As I have been working with teachers on trying to change the focus from teaching to learning, I have been trying to change the language I use to promote the point.
In conversations, I am trying to replace the word “teacher” with one of two terms, depending on the nature of the focus. In it’s place, I will use t
he term “learning leader” or “leading learner”. While the difference appears slight, simply reversing the words has great impact. The terms are not interchangeable, and their use depends on the context of the conversation.
When using the term “learning leader”, the noun is leader, with learning as a supporting adjective. The focus is on the leader part of the teacher’s job. As a pedagogical leader within the school, the teacher’s expertise in curricula, planning, design, preparation and assessment is critical to creating a dynamic and engaging learning environment. We need and expect teachers to be leaders. Most teachers are eager to accept this term.
On the other hand, the term “leading learner” is more complicated, the noun (and the focus) on being a learner, with the word leader serving as a descriptor. These teachers assume the identity as a learner within a community of learners, open to change and willing to switch between the traditional roles of student and teacher. They blur the lines between themselves and the students, offering to model 21st century learning at the risk of failure. This is a harder sell with educators, especially those who hold dear to traditional ideas about learning.

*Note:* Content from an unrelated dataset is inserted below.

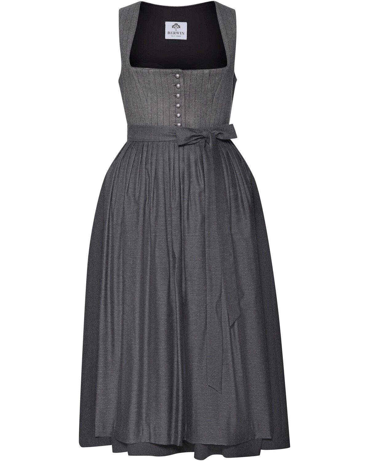 Zeitlose Eleganz für traditionelle Anlässe Das Dirndl von Berwin ist ein klassisches Schmuckstück, das sich perfekt für festliche und traditionelle Anlässe eignet. Mit seinem geknöpften Design und dem winterlichen Nadelstreifen-Oberteil strahlt es zeitlose Eleganz aus. Der fließende, einfarbige Rock ergänzt das Oberteil mit einer traditionellen Note und sorgt für ein harmonisches Gesamtbild. Die passende Jacquard-Schürze mit Bindeschleife fügt dem Ensemble eine verspielte Nuance hinzu, die das Dirndl zu einem stilvollen Begleiter macht. Die sorgfältig ausgewählten Details wie das Paspel im Balkonett-Ausschnitt und die hochwertigen Trachten-Zierknöpfe setzen elegante Akzente und zeigen die Liebe zum Detail, die dieses Kleidungsstück auszeichnet. Praktische Details und hochwertige Verarbeitung Neben seiner ansprechenden Optik bietet das Dirndl von Berwin auch praktische Merkmale, die den Tragekomfort erhöhen. Der in Falten gelegte Rock ist mit seitlichen Taschen ausgestattet, die diskreten Stauraum bieten, ohne den klassischen Look zu beeinträchtigen. Mit einer Rocklänge von 80 cm ist das Dirndl ideal für verschiedene Anlässe, von festlichen Feierlichkeiten bis hin zu traditionellen Veranstaltungen. Die Kombination aus hochwertigen Materialien und präziser Verarbeitung garantiert ein angenehmes Tragegefühl und eine lange Lebensdauer. Dieses Dirndl ist die perfekte Wahl für Trachtenliebhaberinnen, die Wert auf Qualität und stilvolle Details legen und dabei bewundernde Blicke auf sich ziehen möchten. Oberstoff: 64% Polyester, 34% Viskose, 2% Elasthan; Futter: 97% Baumwolle, 3% Elasthan; Sonstige Materialien: Rock, 100% Polyester, Schürze, 60% Viskose, 40% Polyester

I believe how teachers accept the role as a leading learner is what sets great teachers apart from mere competent ones. They are part of a collective, collaborating with colleagues, “students” and others to establish a flexible, innovative and dynamic learning community. I believe it speaks to their ability to help prepare a new generation of young people to work, play and learn in a 21st century global community.
Photo credit: “Learner-Learner Interaction”, Originally uploaded to Flickr by jrhode
tags: technology, education, learning, whipple
Hmmm, I have to say that I would find it difficult to distinguish the two in the casual conversation that is delivered or listened to at staff developments. That said, I think that it is a very useful distinction to make during a presentation, one that breaks through the barrier of teacher as teacher. I prefer to use the terms model learner and master learner when talking with teachers — but I am increasingly weary of trying to teach teachers to be learners.
It seems to me that helping teachers to see why learning is so important, that how we learn is perhaps more important today than what we learn, is the best that I might do. If teachers start to see that graduating educated students is not so much our goal today as graduating students steeped in a learning lifestyle, then it will come to them how to practice learning in their classrooms, rather than practicing teaching.